All data marked for reuse by other researchers (as per participant consent) are placed in the Lothian Diary Project collection either housed in the DataShare repository or the DataVault repository at the University of Edinburgh. The DataShare repository is Open Access and includes the audio or video recordings and their corresponding transcripts. The DataVault repository contains the same as well as participants’ survey answers, including demographic information. These more sensitive data are accessible by contacting the data manager, Catherine Lai, at C.Lai@ed.ac.uk. For data collected at the time of writing, the DOI for DataShare is 10.7488/ds/3009 and the DOI for DataVault is 10.7488/7a22cc4b-87ec-4df3-a549-3b347fd4bca5.
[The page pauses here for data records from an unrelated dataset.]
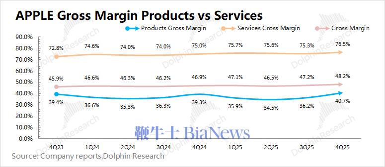 ①收入端增长:主要来源于iPhone17系列的带动。其中本季度iPhone增长23%,虽然iPhone17系列创新不多,但“加量不加价”的策略取得不错的效果。尤其是iPhone17 256G也能享受国补的政策,中国大陆地区销量实现大幅提升;
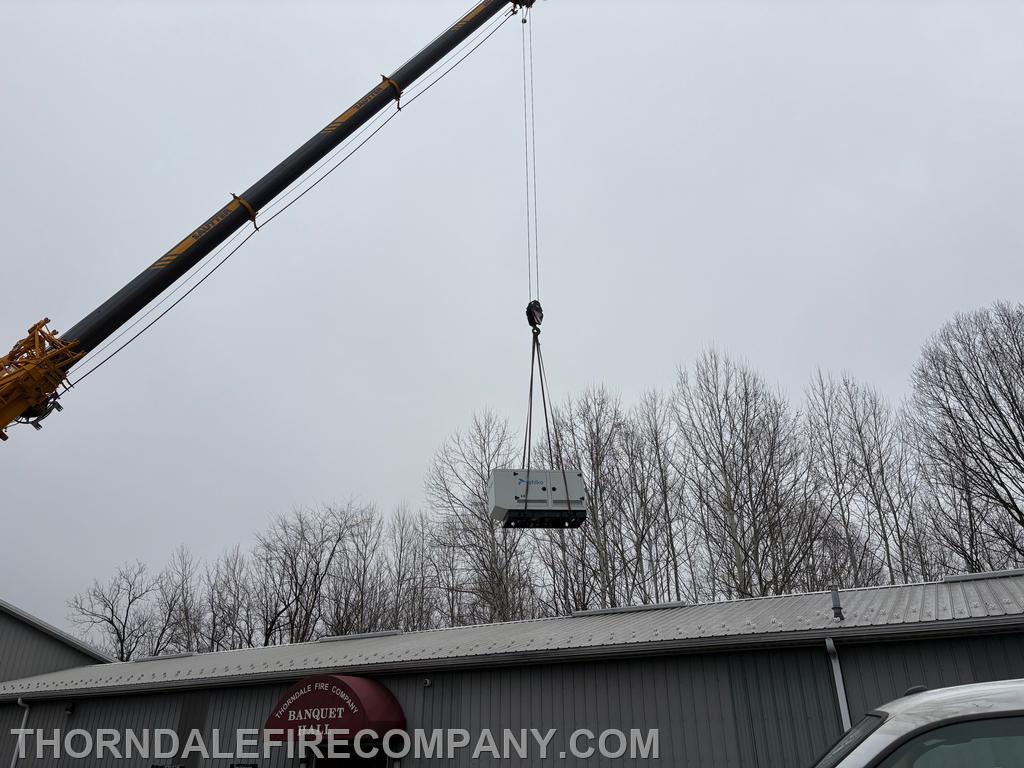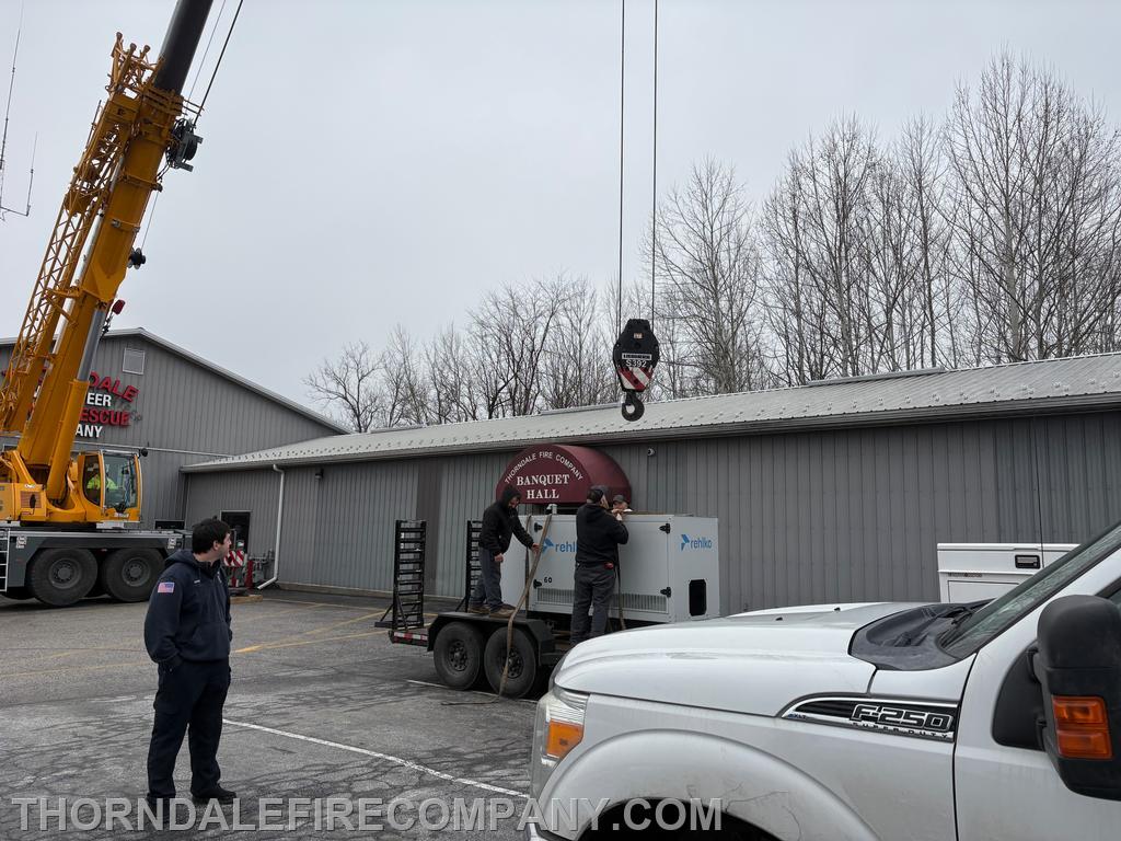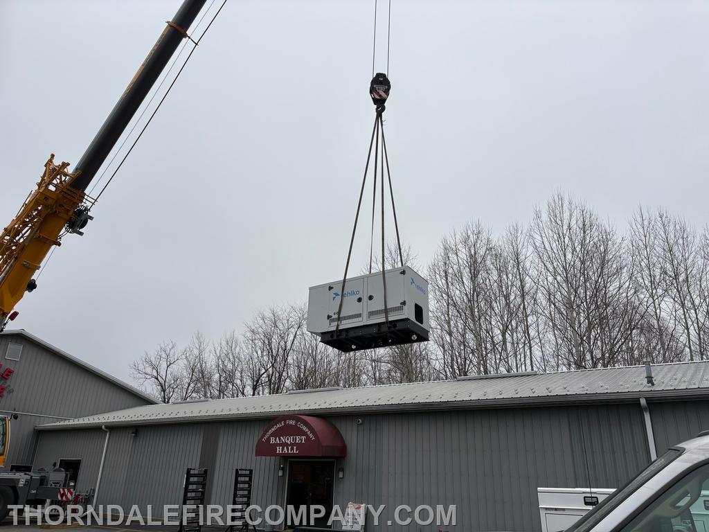 On Friday morning March 6, 2026 Premium Power delivered a new backup generator that will used to support our operations during power outages. The generator was purchased as part of an LSA grant received whereby the fire station is better positioned to assist our residents and community members during times of severe weather conditions or other types of emergencies occurring in the township where power outages are being experienced for extended periods of time. A crane was brought in and utilized to lift the generator over the building and set it in place on the pad located to the rear of the building. Premium Power is now in the process of completing all the required connections to make the generator operational.
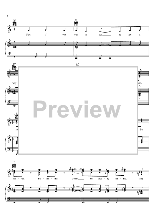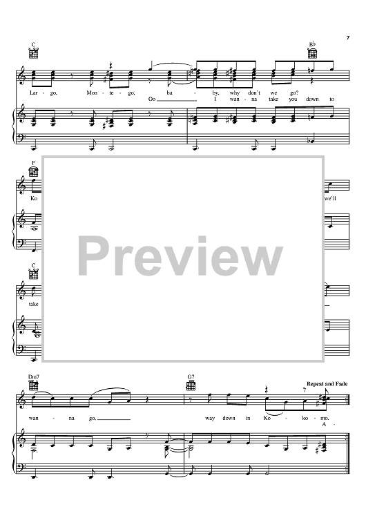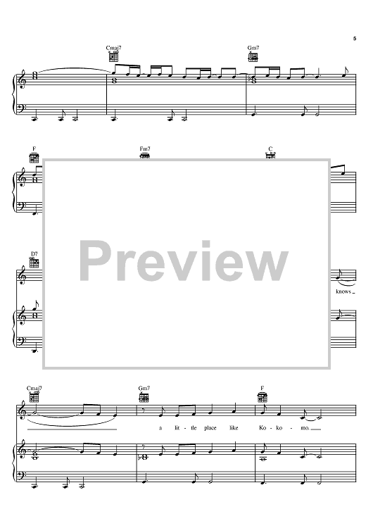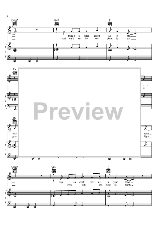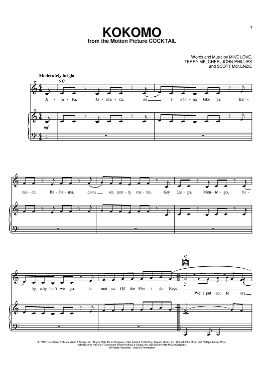 Digital Sheet Music for Kokomo by The Beach Boys, Mike Love, Scott McKenzie, John Phillips scored for Piano/Vocal/Chords; id:367391
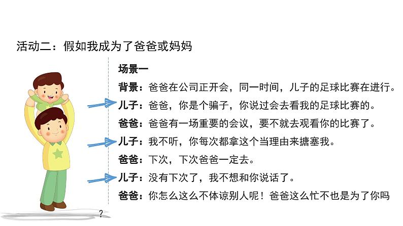 场景一背景:爸爸在公司正开会,同一时间,儿子的足球比赛在进行。儿子:爸爸,你是个骗子,你说过会去看我的足球比赛的。爸爸:爸爸有一场重要的会议,要不就去观看你的比赛了。儿子:我不听,你每次都拿这个当理由来搪塞我。爸爸:下次,下次爸爸一定去。儿子:没有下次了,我不想和你说话了。爸爸:你怎么这么不体谅别人呢!爸爸这么忙不也是为了你吗?儿子:我不想听,你别说了!

Data collection for the Lothian Diary Project will continue until approximately 31 July 2021, with publication to follow soon thereafter.
(4) Reuse Potential
Data that have been marked for reuse, as per the participant’s consent, will be housed as an oral history archive with Museums and Galleries, Edinburgh, allowing researchers, policymakers, civil organisations, and community members to access. Those marked for wider reuse are available for other purposes (e.g., aggregation, reference, validation, teaching) to any interested individual or organisation, with the permission of the Lothian Diary Project research team. Our data can be reused beyond the scope of our project for other researchers, as well as non-researchers to identify common themes, topics and issues discussed in the pandemic. For example, the diaries capture facial, gestural, and speech components of affectively charged topics, enabling individuals who are interested in multimodal expression to further explore this area. Policymakers and civil organisations may also access our data to conduct further research to advance future responses to health emergencies, as well as to provide support for vulnerable groups. We also welcome collaborative opportunities, especially for creative ways in which we could share and reuse our data beyond the current scope of our project.